## [Working data]
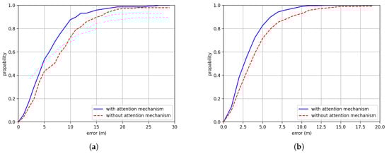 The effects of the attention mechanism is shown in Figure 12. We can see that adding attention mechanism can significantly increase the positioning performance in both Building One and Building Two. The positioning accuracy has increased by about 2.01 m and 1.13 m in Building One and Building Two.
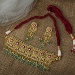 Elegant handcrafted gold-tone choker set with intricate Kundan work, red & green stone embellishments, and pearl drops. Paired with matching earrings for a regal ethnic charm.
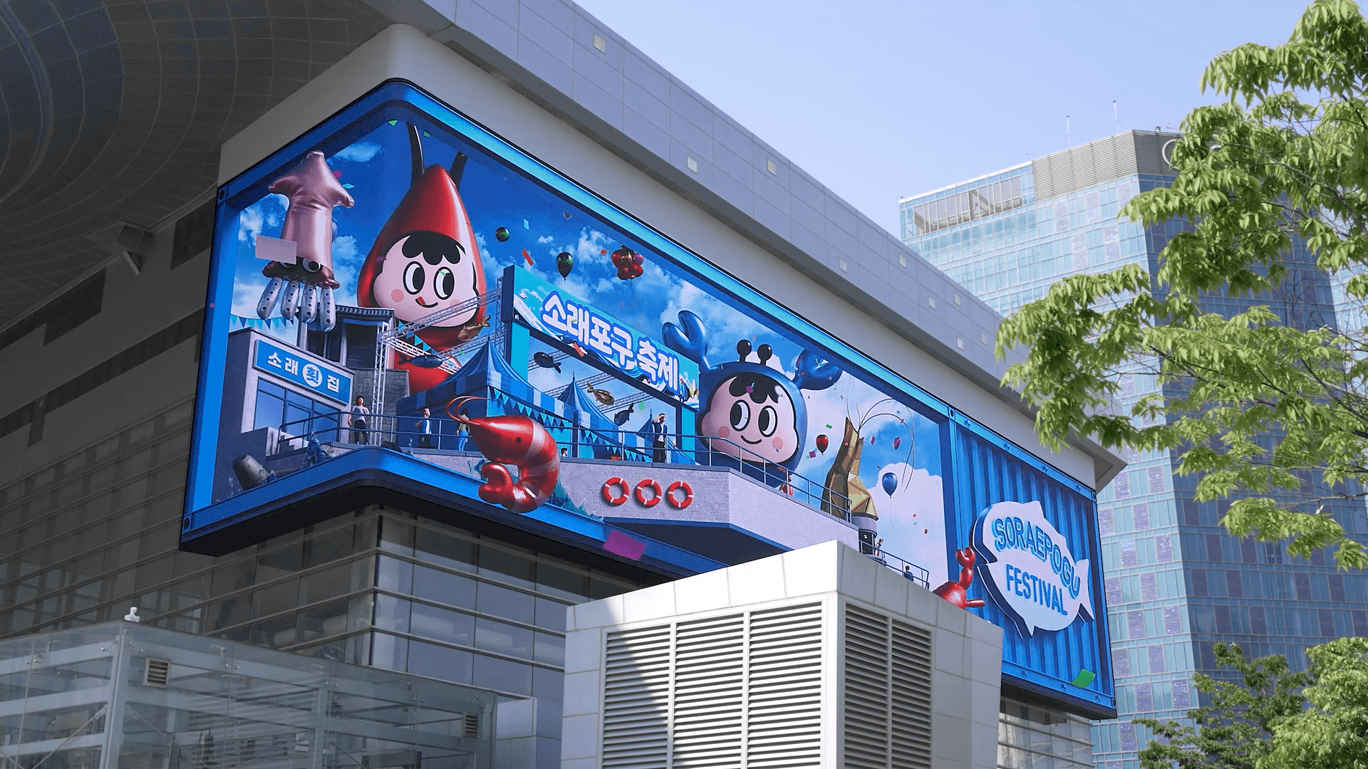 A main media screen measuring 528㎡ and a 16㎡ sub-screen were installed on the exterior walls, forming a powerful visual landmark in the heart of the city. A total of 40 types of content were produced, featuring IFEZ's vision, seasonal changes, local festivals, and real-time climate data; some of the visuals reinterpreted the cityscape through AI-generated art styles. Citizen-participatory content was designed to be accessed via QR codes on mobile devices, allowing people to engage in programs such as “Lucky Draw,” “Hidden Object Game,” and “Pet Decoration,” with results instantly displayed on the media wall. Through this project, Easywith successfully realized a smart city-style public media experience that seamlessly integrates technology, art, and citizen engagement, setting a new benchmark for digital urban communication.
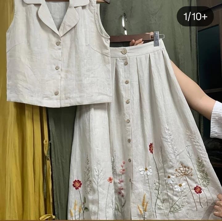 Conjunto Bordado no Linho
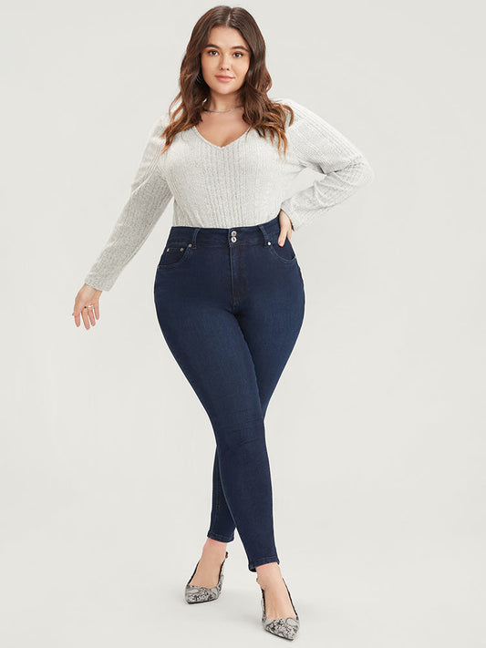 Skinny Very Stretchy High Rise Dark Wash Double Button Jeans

## [Work task]
Drop the images, then copy the data exactly.

## [Response to this task]
 The effects of the attention mechanism is shown in Figure 12. We can see that adding attention mechanism can significantly increase the positioning performance in both Building One and Building Two. The positioning accuracy has increased by about 2.01 m and 1.13 m in Building One and Building Two.
 Elegant handcrafted gold-tone choker set with intricate Kundan work, red & green stone embellishments, and pearl drops. Paired with matching earrings for a regal ethnic charm.
 A main media screen measuring 528㎡ and a 16㎡ sub-screen were installed on the exterior walls, forming a powerful visual landmark in the heart of the city. A total of 40 types of content were produced, featuring IFEZ's vision, seasonal changes, local festivals, and real-time climate data; some of the visuals reinterpreted the cityscape through AI-generated art styles. Citizen-participatory content was designed to be accessed via QR codes on mobile devices, allowing people to engage in programs such as “Lucky Draw,” “Hidden Object Game,” and “Pet Decoration,” with results instantly displayed on the media wall. Through this project, Easywith successfully realized a smart city-style public media experience that seamlessly integrates technology, art, and citizen engagement, setting a new benchmark for digital urban communication.
 Conjunto Bordado no Linho
 Skinny Very Stretchy High Rise Dark Wash Double Button Jeans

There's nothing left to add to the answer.